Mich. reconsiders Kennecott application

by JOHN FLESHER, Business Week

2nd March 2007

A company's plan to drill for nickel and copper in the Upper Peninsula was thrown off track as state regulators acknowledged they hadn't adequately considered reports questioning whether the mine's roof would hold up.

The Michigan Department of Environmental Quality said Thursday it was withdrawing tentative approval of Kennecott Minerals Co.'s application to operate the mine, which was awarded in January.

The DEQ had planned to make a final ruling as early as May, following public hearings this month in Marquette and Lansing. Instead, Director Steven Chester canceled the hearings. He promised a thorough study of the reports and an investigation of why department staffers apparently downplayed them and excluded them from the public record.

"This department has committed itself to making this process as open and transparent as possible," Chester said in a statement. "In light of this information, we must allow the needed time for ourselves, as well as the public, to give it the appropriate review."

DEQ spokesman Robert McCann said the agency wasn't necessarily changing its mind about whether the mine should be allowed, but was reconsidering how it made the preliminary decision.

The DEQ's move "is not due to any action or inaction on Kennecott's part," said David Salisbury, the project's president. "This is an MDEQ internal issue they must address themselves."

Jon Cherry, the Kennecott project manager, said the mine's stability was among many questions the company had answered to the DEQ's satisfaction.

"We stand behind our design and our application," Cherry said. "We think we have a proposal that's safe, stable, protects the environment and meets all the requirements and we look forward to the process getting back on track."

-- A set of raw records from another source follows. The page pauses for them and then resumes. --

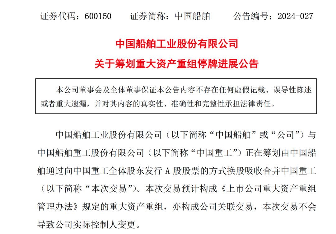 公告称,中国船舶与中国船舶重工股份有限公司(以下简称“中国重工”)正在筹划由中国船舶通过向中国重工全体股东发行 A股股票的方式换股吸收合并中国重工(以下简称“本次交易”)。本次交易预计构成《上市公司重大资产重组管理办法》规定的重大资产重组,亦构成公司关联交易,本次交易不会导致公司实际控制人变更。
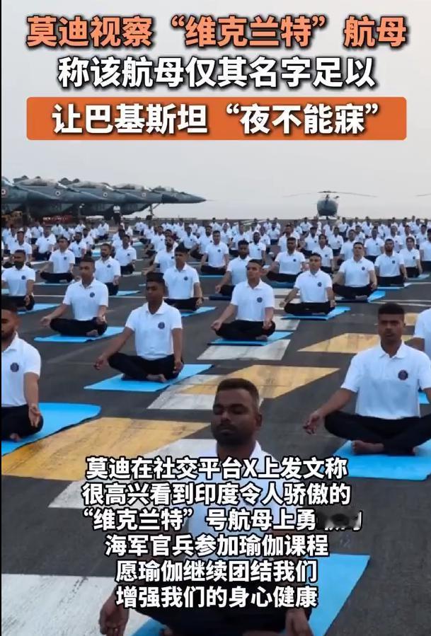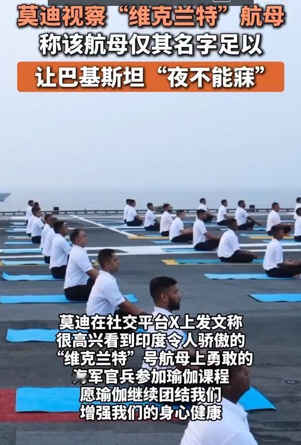印度航母,又刷新我们认知!别人家的航母甲板上停的是战斗机,印度的“维克兰特”号航母,甲板上,竟然是一群练瑜伽的士兵! (信息来源:金羊网 2025-10-21 印度数百官兵在航母甲板做瑜伽唱胜利歌) 据金羊网报道,10月20日,印度总理莫迪登上国产航母“维克兰特”号,与数百名海军官兵一同在飞行甲板上练习瑜伽,并高唱一首庆祝“大胜巴基斯坦”的原创歌曲。 莫迪本人也在社交平台X上发文称:“很高兴看到印度令人骄傲的‘维克兰特’号航母上勇敢的海军官兵参加瑜伽课程,愿瑜伽继续团结我们,增强我们的身心健康。” 乍一看,这似乎只是印度特色的“文化输出”——把瑜伽搬上航母,彰显民族自信。 但细究之下,这种行为背后折射出的问题,远比一场甲板瑜伽表演要复杂得多。 航母的本质是什么?它不是旅游观光船,也不是文化展演平台,而是国家海上战略力量的核心载体,是集航空作战、远程打击、舰队指挥于一体的高技术战争机器。 全球拥有航母的国家屈指可数,每一艘现役航母的甲板时间都极其宝贵,每一分钟都与战备状态、训练强度、作战效能紧密挂钩。 美国“尼米兹”级或“福特”级航母常年在海上执行高强度任务,舰载机起降频率以分钟计;中国“福建舰”虽尚未服役,但其电磁弹射系统和甲板调度逻辑早已进入实装测试阶段,一切围绕实战展开。 反观印度“维克兰特”号,这艘2022年才正式服役的国产航母,排水量约4万吨,采用滑跃起飞方式,至今尚未形成完整舰载机作战能力。 根据军武次位面报道,其主力舰载机‘光辉’海军型仍处于试飞阶段,俄制米格 - 29K 因维护问题出勤率低下,整艘航母舰载机数量严重不足,处于战力受限的尴尬状态。 在这种背景下,甲板上不练舰载机调度、不搞损管演练,反而铺开瑜伽垫、齐声高歌“胜利之歌”,与其说是军事展示,不如说是一场精心策划的政治表演。 更值得玩味的是那首“庆祝大胜巴基斯坦”的歌曲。 印巴之间近年不仅有边境摩擦,还在 2025 年 5 月爆发了一场持续 4 天的军事冲突。 所谓“大胜”并无事实依据,更像是国内民族主义情绪的自我催眠。 莫迪政府近年来频繁借助军事符号强化“强人”形象——从宣传“国产导弹”到宣称“击落巴方战机”,再到如今在航母上唱胜利歌,其核心逻辑或许并非提升国防实力,而是服务于选举与舆论动员。 这种将军事平台娱乐化、仪式化的做法,不仅模糊了军队的专业边界,也削弱了公众对国防建设真实进展的判断力。 当然,有人会说:瑜伽也是训练的一部分,印度海军推广瑜伽多年,有助于官兵身心健康。这话没错。但问题在于场合与比例。 在岸上基地、在舰员休息区推广瑜伽,无可厚非;但把本应用于舰载机起降、战术协同、应急响应的核心甲板空间,变成集体瑜伽课堂,就显得本末倒置。 这就好比一家顶级医院把手术室改成瑜伽馆,还宣称“这是我们的特色医疗文化”——形式再新颖,也掩盖不了功能错位的本质。 更深层的问题在于印度军工体系的结构性困境。“维克兰特”号从立项到服役历时近二十年,期间多次延期、预算超支、技术依赖严重。 其动力系统来自美国,雷达来自以色列,舰载机靠俄罗斯,连阻拦索都要外购。这种“万国牌”拼装模式,导致整舰集成度低、维护复杂、战力受限。 而政府却急于通过高调宣传“国产航母”来塑造“大国崛起”叙事,结果就是:硬件跟不上,就用仪式感来补;战力不足,就靠口号来撑。 一个国家若不能正视自身军事能力的真实水平,而沉迷于符号化的自我感动,最终只会陷入“表演式强军”的陷阱。 真正的国防现代化,不是靠甲板上的瑜伽照片,也不是靠胜利歌曲的歌词,而是靠扎实的工业基础、严谨的训练体系、透明的预算机制和清醒的战略判断。 中国始终主张各国根据自身国情发展国防力量,但同时也强调,军事建设必须服务于和平目的,必须建立在真实能力而非虚幻叙事之上。 印度若真想成为“印太”重要力量,与其在航母上练瑜伽,不如先把舰载机飞起来,把后勤保障做扎实,把指挥体系理清楚。
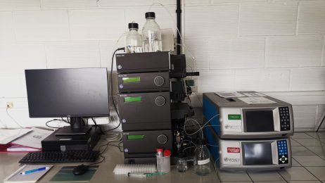 La diffusion de la lumière multi-angle ou MALS (détecteur miniDAWN TREOS II) couplée à un système FPLC (appareillage ÄKTA-purifier) est une technique d’analyse spectroscopique non destructive permettant de réaliser une mesure de la masse moléculaire des molécules éluées (protéines et éventuellement acides nucléiques), de suivre la qualité d’une purification, de mesurer la stœchiométrie de complexes macromoléculaires, de mesurer l’état d’oligomérisation, de suivre l’homogénéité de la taille de la molécule éluée, de suivre d’éventuels changements de conformation en présence d’effecteurs. Elle permet également de mettre en évidence les changements conformationnels éventuels de la molécule étudiée (outil analytique puissant pour les complexes et les protéines modulaires) et enfin d’obtenir des données structurales sur les interactions entre molécules en solution.
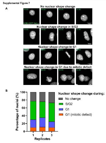 Fig. S7. Time-lapse imaging of H2B-GFP tagged HeLa cells. G1-synchronized H2BGFP HeLa cells were seeded on glass-bottom dishes, co-transfected with siRNA against Lamin A and the actinWT-NLS expression plasmid, and imaged live by confocal microscopy. Cell cycle stages were estimated based on time elapsed after mitosis (Hahn et al.,2009) . Nuclei were scored as undergoing a shape change if there was any deviation from the typical ovoid shape of HeLa cell nuclei, including nuclear elongation and lobulation. Cells were scored as having mitotic defects if metaphase plate formation was abnormal (e.g. Y-shaped metaphase plate), if mitosis was delayed (i.e. cells were arrested in metaphase for longer than 4 hours), and/or if obvious chromosome segregation defects were observed (e.g. lagging chromosomes, micronuclei, daughter nuclei that did not separate or were unequal in size). (A) Images from representative time-lapses are shown. Relative times are displayed as hours: minutes, starting at 00:00 in each case. Cropping at each time point was adjusted to account for cell migration. Nuclear shape change in S/G2 refers to nuclei that were round immediately after mitosis and subsequently underwent shape changes later in interphase. Nuclear shape change in G1 refers to nuclei that exhibited aberrant shapes immediately after mitosis in the absence of any obvious mitotic defects. (B) Based on 3 independent experiments, nuclei were categorized as shown in (A) for 300 nuclei. Mean±SD: 10.0%±0.4% for G1(mitotic defect), 19.9%±4.8% for G1, 45.4%±4.4% for S/G2, and 24.7%±1.9% for No change. |
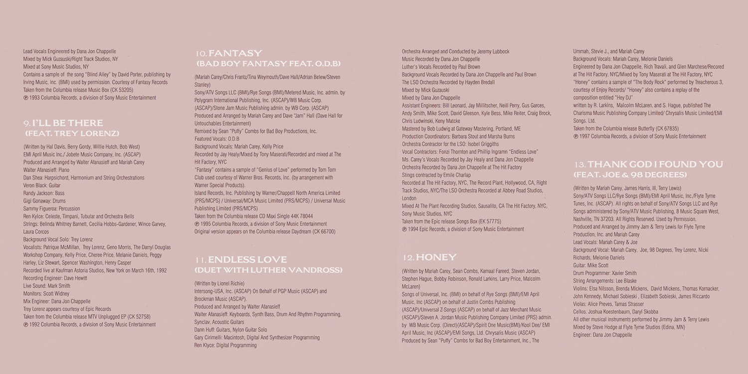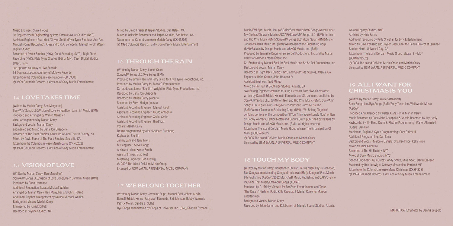 Produced by Mariah Carey and Walter Afanasieff. Co-produced by Dave “Jam” Hall. |

McCann said there was no timetable for when the department would issue another tentative ruling on the Kennecott application.

Environmentalists who have fought the proposed mine said the developments cast doubt on the objectivity of DEQ regulators involved with the project, although they praised top-level managers' response.

"The DEQ's actions today confirm that their entire decision-making process on this mine has been corrupted," said Michelle Halley, a Marquette-based attorney with the National Wildlife Federation. "What other reports are out there that were not to the staff's liking that have been buried?"

Marvin Roberson, a Sierra Club spokesman, said Michigan had a good law and regulations for the type of mining Kennecott proposes. "But none of that matters if there's incompetence or malfeasance on the part of the people who apply those rules," he said.

DEQ staff members who received the reports and didn't handle them properly are being reassigned during the investigation, McCann said. But he insisted there was no evidence anyone had deliberately suppressed the documents, saying the likely explanation was "just mistakes." He would not identify the staffers.

The company is targeting a six-acre underground deposit expected to yield 250 million to 300 million pounds of nickel and about 200 million pounds of copper. It is located in the isolated Yellow Dog Plains region of northwestern Marquette County.

Despite the Upper Peninsula's long mining history, the Kennecott operation would be the first to extract minerals from sulfide ores through a process that critics say could cause acid to leach into the groundwater and nearby Salmon Trout River, a Lake Superior tributary.

Announcing tentative approval in January, the DEQ said extensive steps would be taken to avoid sulfide pollution, including moving the ores from underground directly to enclosed buildings, then to covered trucks and finally rail cars for transport to a processing facility in Canada.

The two reports that prompted the DEQ's backpedaling were written in May 2006 by David Sainsbury, a Minneapolis mining and geotechnical engineer. He was a subcontractor for an outside consulting company the DEQ hired to help analyze Kennecott's application, McCann said.

Sainsbury focused on the "crown pillar" -- the bedrock atop the underground mining area. A layer of soil 40-80 feet thick lies between the earth's surface and the crown pillar, Cherry said.

Sainsbury called for more extensive analysis of whether the crown pillar would hold up under Kennecott's proposed design.

In one report, he wrote that techniques used to assess the stability "do not reflect industry best practice. In addition, the hydrologic stability of the crown pillar has not been considered. Therefore, the conclusions made within the ... application regarding crown pillar subsidence are not considered to be defensible."

However, in a one-page memo dated Nov. 9, Sainsbury recommended allowing Kennecott to develop the mine while further analysis was conducted, as long as the area being mined remained a safe distance down.

"He's saying that if they do this in phases, which is what they are proposing, and keep the mining below that elevation, then his concerns of those other two documents are allayed," McCann said.

Cherry said Sainsbury's earlier concerns were based on company data that didn't include its plans for ensuring stability, such as backfilling the mine section by section as the minerals are removed.